- Born: Henry Arthur Campbell 24 June 1873 Gordon Town, St Andrew, Jamaica
- Died: 6 June 1953 Kingston, Jamaica
- Occupation(s): Chief Electrical Engineer, Jamaica Public Service Co. Ltd.

= Henry Arthur Campbell =

Henry Arthur Campbell MIEE (24 June 1873 to 6 June 1953) was a Jamaican electrical engineer and long-serving employee and Chief Engineer of the Jamaican public utility.

==Education and career==

Henry was tutored privately and at Church of England grammar schools in his early years, before apprenticing as an electrical engineer with the Jamaica Electric Light and Power Co.
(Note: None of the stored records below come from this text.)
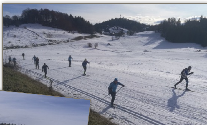
En style classique à Plaine-Joux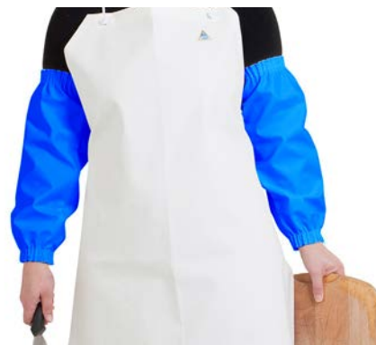
CHAL950A Azul / Azul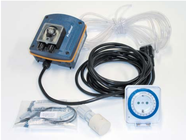
1. Pakendi sisu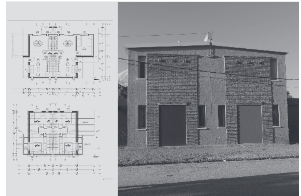
FIGURA 4. PLAN III.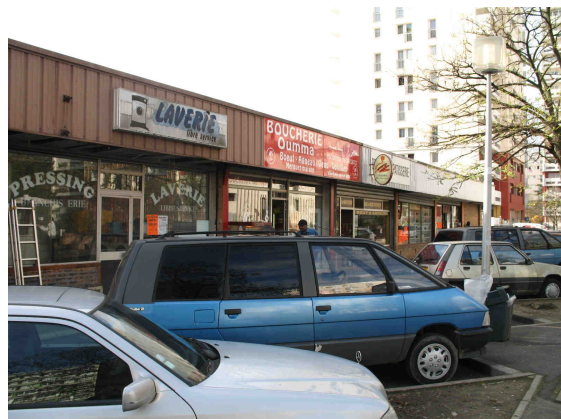
Polarité Les Musiciens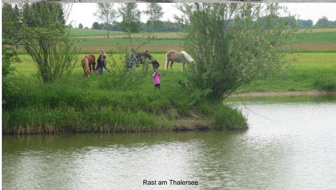
Rast am Thalersee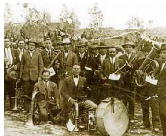
La música és un element fonamental a les festes.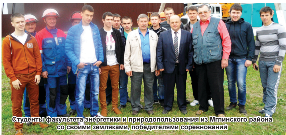
Студенты факультета энергетики и природопользования из Мглинского района со своими земляками, победителями соревнований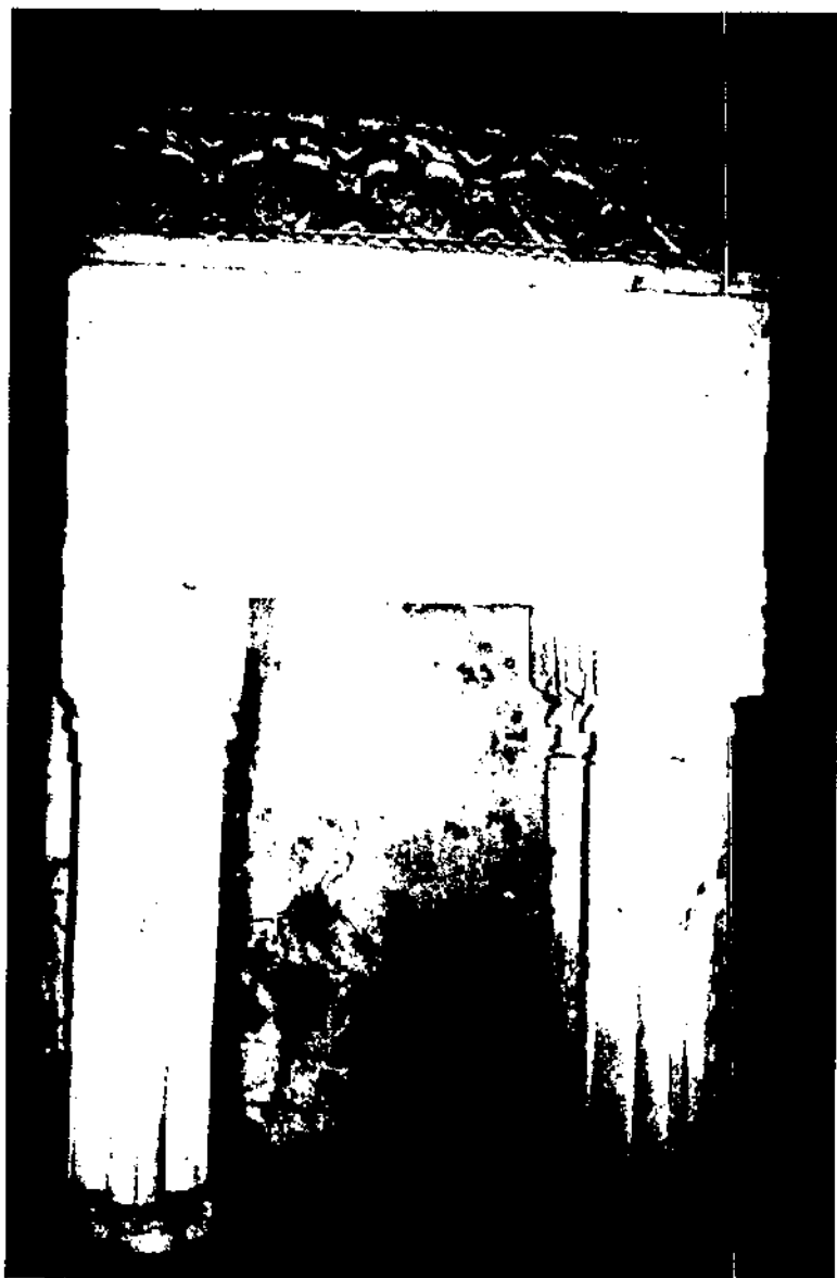
Bonic sarcòfag existent a l'ex-priorat benedictí de Santa Maria de Banyeres, que consta d'una caixa i tapa, profusament decorat amb escuts heràldics amb la mateixa càrrega. L'aguanten quatre columnes de gran solidesa. Se suposa que pertany a un membre de la nissaga dels Banyeres, benefactor de l'indret.

Ltd. beginning in 1890.

He notably contributed to the establishment and maintenance of an electric tram system in Kingston, Jamaica, and was recognized by the British Admiralty for having "rendered invaluable services" during both World War I and World War II.
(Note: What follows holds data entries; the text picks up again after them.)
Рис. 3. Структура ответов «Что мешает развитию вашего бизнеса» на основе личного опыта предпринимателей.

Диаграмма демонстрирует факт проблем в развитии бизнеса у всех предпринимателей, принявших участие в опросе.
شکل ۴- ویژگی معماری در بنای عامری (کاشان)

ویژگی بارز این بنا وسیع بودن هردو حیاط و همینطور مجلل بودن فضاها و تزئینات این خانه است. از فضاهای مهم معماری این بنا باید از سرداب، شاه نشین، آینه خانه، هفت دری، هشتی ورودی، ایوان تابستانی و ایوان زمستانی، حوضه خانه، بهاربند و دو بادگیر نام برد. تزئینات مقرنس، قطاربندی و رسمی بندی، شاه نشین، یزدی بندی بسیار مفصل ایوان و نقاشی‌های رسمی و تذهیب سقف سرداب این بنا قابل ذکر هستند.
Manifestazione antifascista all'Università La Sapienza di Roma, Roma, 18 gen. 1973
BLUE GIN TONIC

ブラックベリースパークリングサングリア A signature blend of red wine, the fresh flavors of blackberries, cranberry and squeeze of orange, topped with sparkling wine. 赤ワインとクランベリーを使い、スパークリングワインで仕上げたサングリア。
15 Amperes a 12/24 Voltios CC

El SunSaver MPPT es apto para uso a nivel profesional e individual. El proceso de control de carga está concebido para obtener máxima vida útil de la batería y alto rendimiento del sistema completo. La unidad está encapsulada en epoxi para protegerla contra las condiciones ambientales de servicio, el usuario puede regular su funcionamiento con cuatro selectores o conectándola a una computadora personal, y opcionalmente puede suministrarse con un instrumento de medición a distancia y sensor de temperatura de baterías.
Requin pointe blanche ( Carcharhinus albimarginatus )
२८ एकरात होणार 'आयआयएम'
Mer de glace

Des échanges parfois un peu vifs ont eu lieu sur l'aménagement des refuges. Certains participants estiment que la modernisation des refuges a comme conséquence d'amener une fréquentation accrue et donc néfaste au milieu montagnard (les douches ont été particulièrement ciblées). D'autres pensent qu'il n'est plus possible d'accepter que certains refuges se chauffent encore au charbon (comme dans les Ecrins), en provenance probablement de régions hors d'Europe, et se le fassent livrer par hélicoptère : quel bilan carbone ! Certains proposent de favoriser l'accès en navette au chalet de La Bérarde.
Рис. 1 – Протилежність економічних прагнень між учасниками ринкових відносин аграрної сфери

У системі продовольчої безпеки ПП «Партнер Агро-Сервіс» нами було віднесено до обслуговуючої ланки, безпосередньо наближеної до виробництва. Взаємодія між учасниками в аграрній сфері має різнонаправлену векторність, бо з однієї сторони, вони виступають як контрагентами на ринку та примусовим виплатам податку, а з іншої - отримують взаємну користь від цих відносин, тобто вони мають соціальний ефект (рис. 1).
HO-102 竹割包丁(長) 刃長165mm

He worked for over sixty years with the Jamaica Public Service Co. Ltd., from 1890 until after 1953, though in his latter years in the role of a consultant.

He rose to head several committees and clubs with the company, during his time there, including membership in the Apprenticeship Committee, chairman of the managing committee of the company's employee's thrift club, and vice-chairman of the company's mutual aid society.

He became an associate member of the Institution of Electrical Engineers in 1928, and later a member in 1932.

==Masonry==

Campbell was heavily involved in masonry throughout his life and career. Among his masonic achievements were:

- Director, Masonic Benevolence Association
- Past Deputy District Grand Master of Scottish Free Masons in Jamaica
- Past Preceptors of Kingston Templars
- Past Principal Z. Holy Royal Arch Chapter
- Past Most Wise Sovereign, Kingston Rose Croix Chapter
- Past Grand Director of Ceremonies of the Grand Lodge of Scotland
- Past Master Mark Mason
- Past Priory Knights of Malta
- Past Worshipful Master St. John Masonic Lodge, S.C.